Data entries:
....
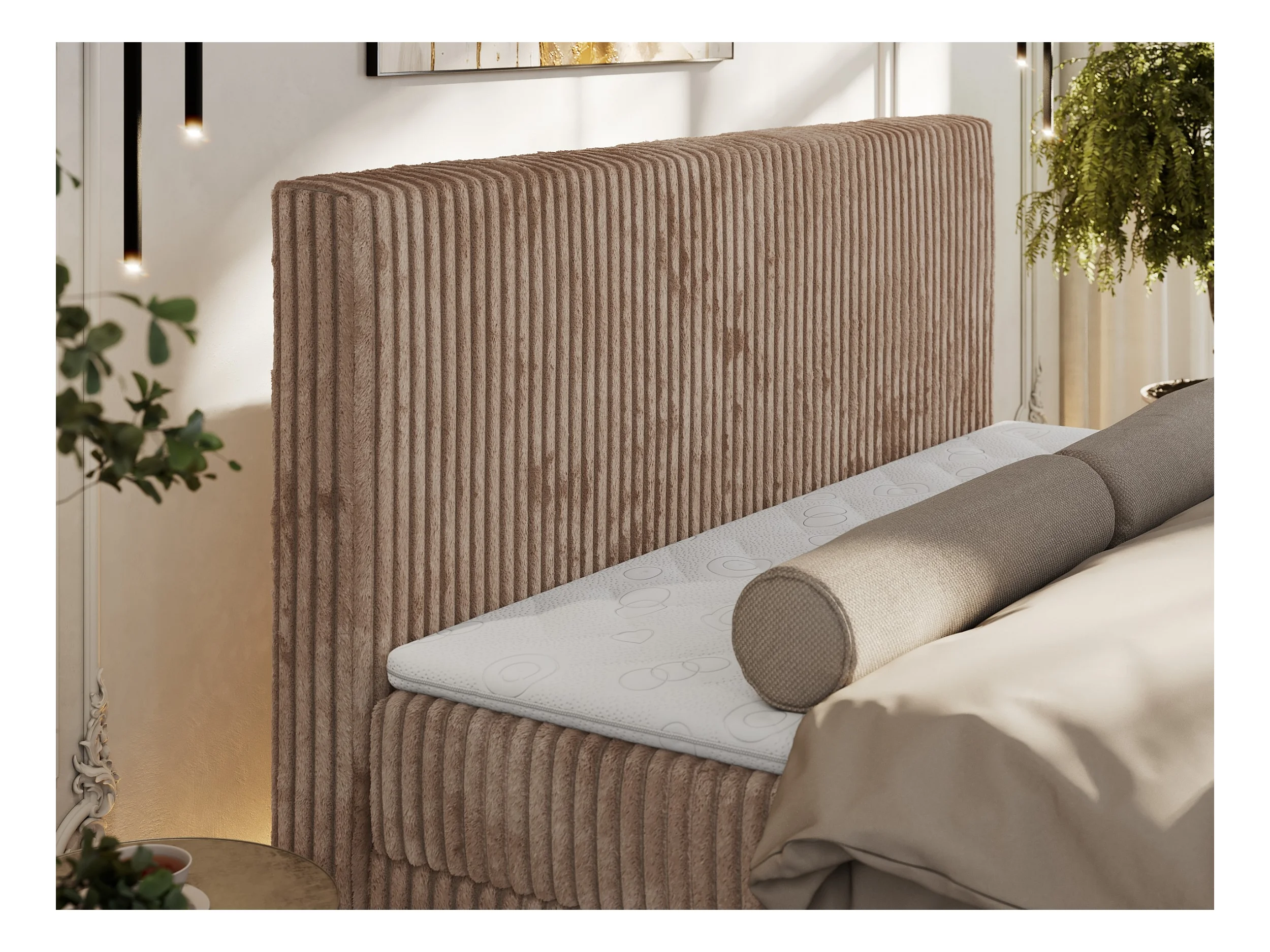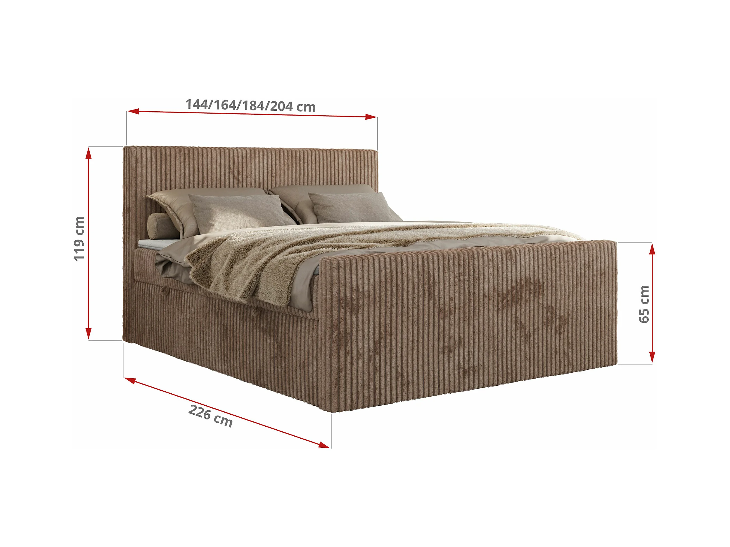 Boxspringbett TILIANO DUO mit gepolstertem Fußteil, Cord Bett, Multipocket-Matratze - 180x200 cm - H4 - Braun Cord
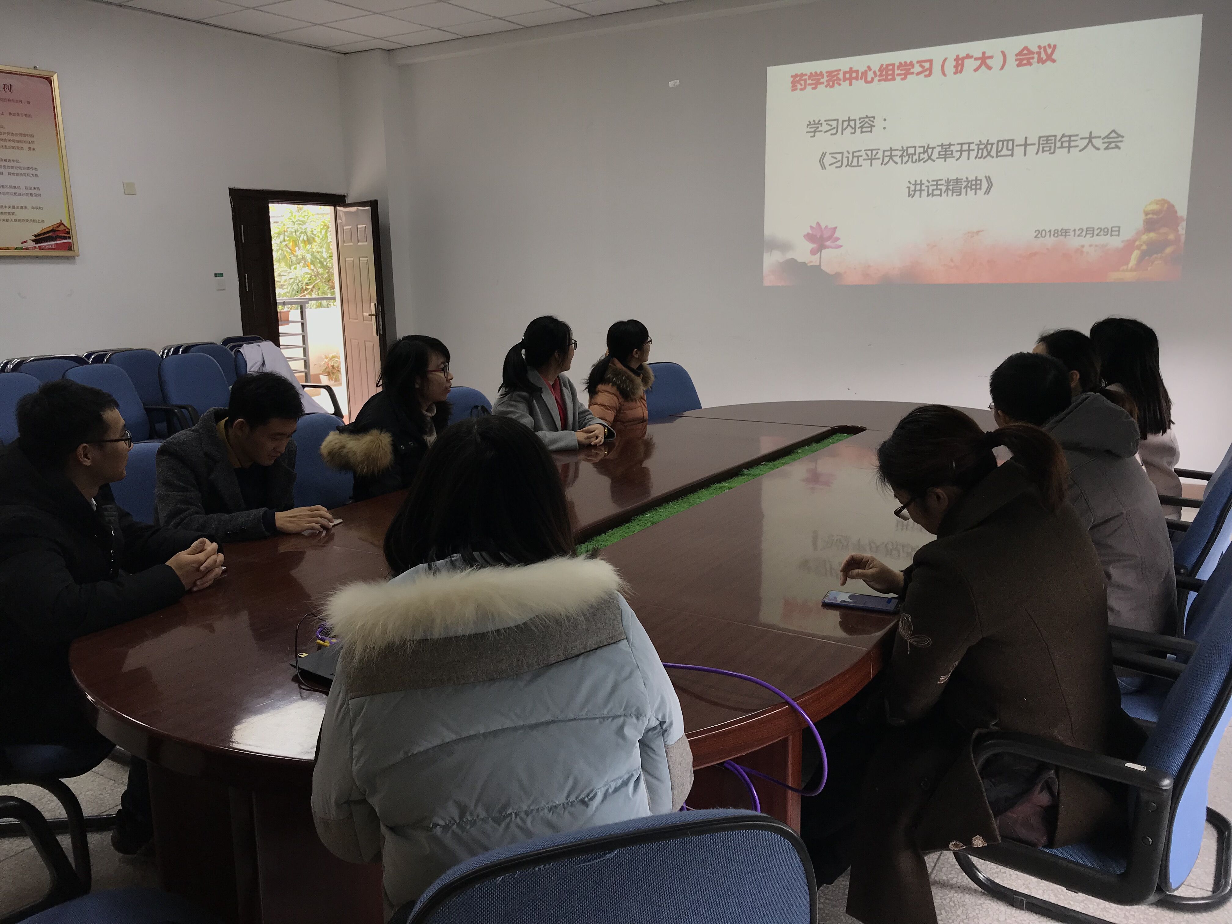 12月29日,药学系党总支组织召开中心组学习(扩大)会,专题学习习近平总书记在庆祝改革开放四十周年大会的重要讲话精神。总支委员、各支部书记及辅导员们参加了本次学习。会议由党总支副书记陈洁主持。
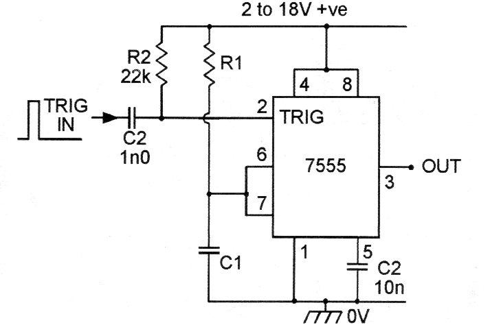 En la figura tenemos la forma de disparar un monoestable CMOS 7555 con pulso positivo. El tiempo que la salida permanece en el nivel alto depende de la constante de tiempo del circuito R1 C1. La alimentación se puede realizar con tensión de 2 a 18 V. El circuito se puede utilizar como shield.
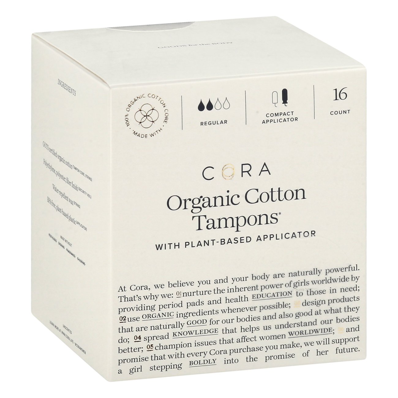 Organic Cotton Applicator Free Tampons Cora Cora Tampons Ingredients Hear from our cora community. 100 percent organic cotton (used for the. We also share some insights around sizing,. this guide explains how to insert an applicator tampon and an applicator free tampon from start to finish. the main ingredients list, which we access through the cora website, contains only two items: if you’re thinking of making. Cora Tampons Ingredients.
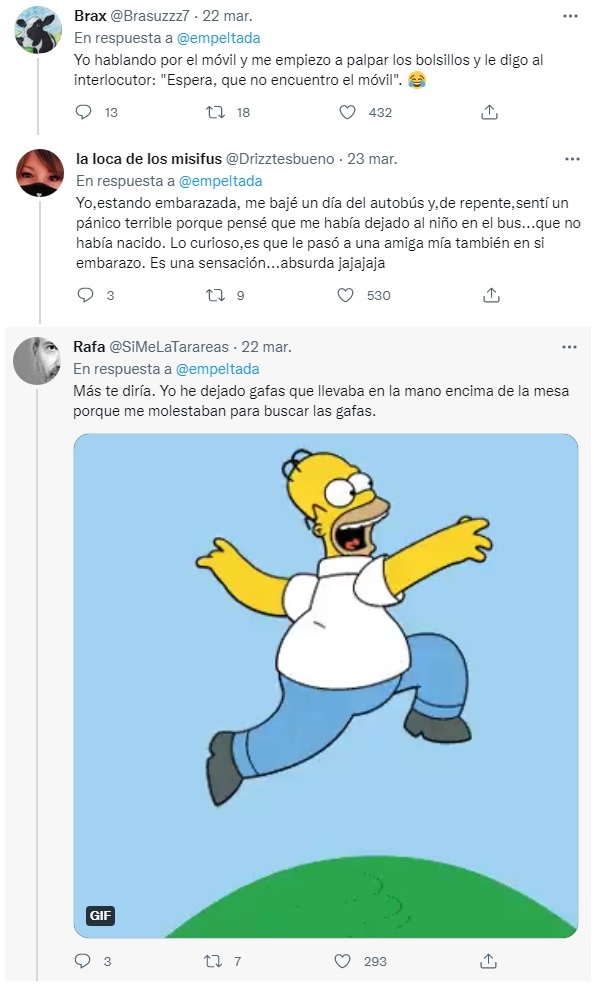 Finalmente se da cuenta de que lo tiene consigo y, aliviada, lo abraza y lo besa. El tuit ha recibido multitud de respuestas de personas que se sienten identificadas por situaciones similares.
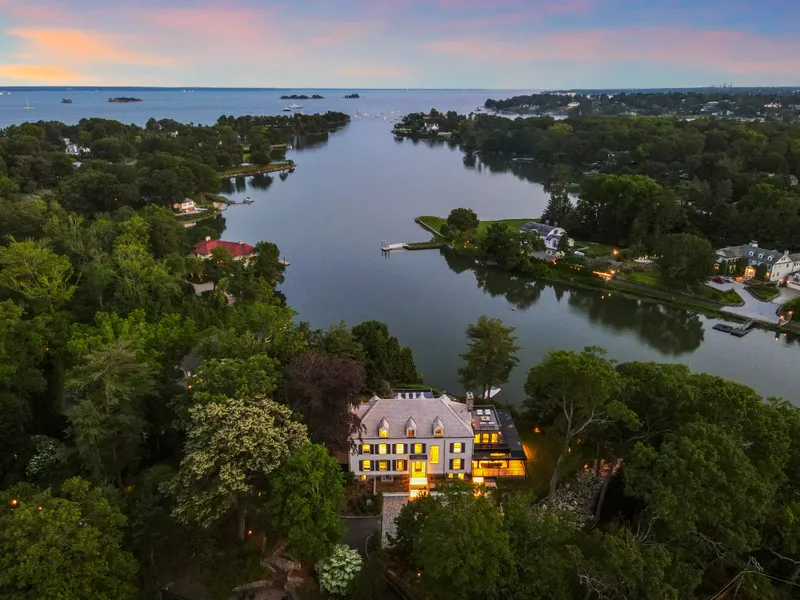 Capturing magnificent light and striking water vistas, this resort-like aerie sits high above Indian Harbor on 292' of private water frontage with a waterside entertaining deck, boathouse and floating dock. A down to the studs gut renovation of the original historic home while adding a stylish contemporary aesthetic. The sublime interiors embrace the coastal setting from nearly every room. Floor to ceiling walls of glass and enchanting outdoor spaces designed for entertaining take in the expansive views of the Long Island Sound. Idyllic owner's suite with luxurious bathroom and waterfront balcony. Lower level with dine-in wine cellar, future theater space and wellness center. Tennis court, two bedroom cottage and pool complete this sybaritic paradise ready for summer occupancy.
....
An exact printout of the entries is wanted, covering the first line through the line holding "12月29日,药学系党总支组", with pictures kept out of it.

## RESULT OF THE TASK
 Boxspringbett TILIANO DUO mit gepolstertem Fußteil, Cord Bett, Multipocket-Matratze - 180x200 cm - H4 - Braun Cord
 12月29日,药学系党总支组织召开中心组学习(扩大)会,专题学习习近平总书记在庆祝改革开放四十周年大会的重要讲话精神。总支委员、各支部书记及辅导员们参加了本次学习。会议由党总支副书记陈洁主持。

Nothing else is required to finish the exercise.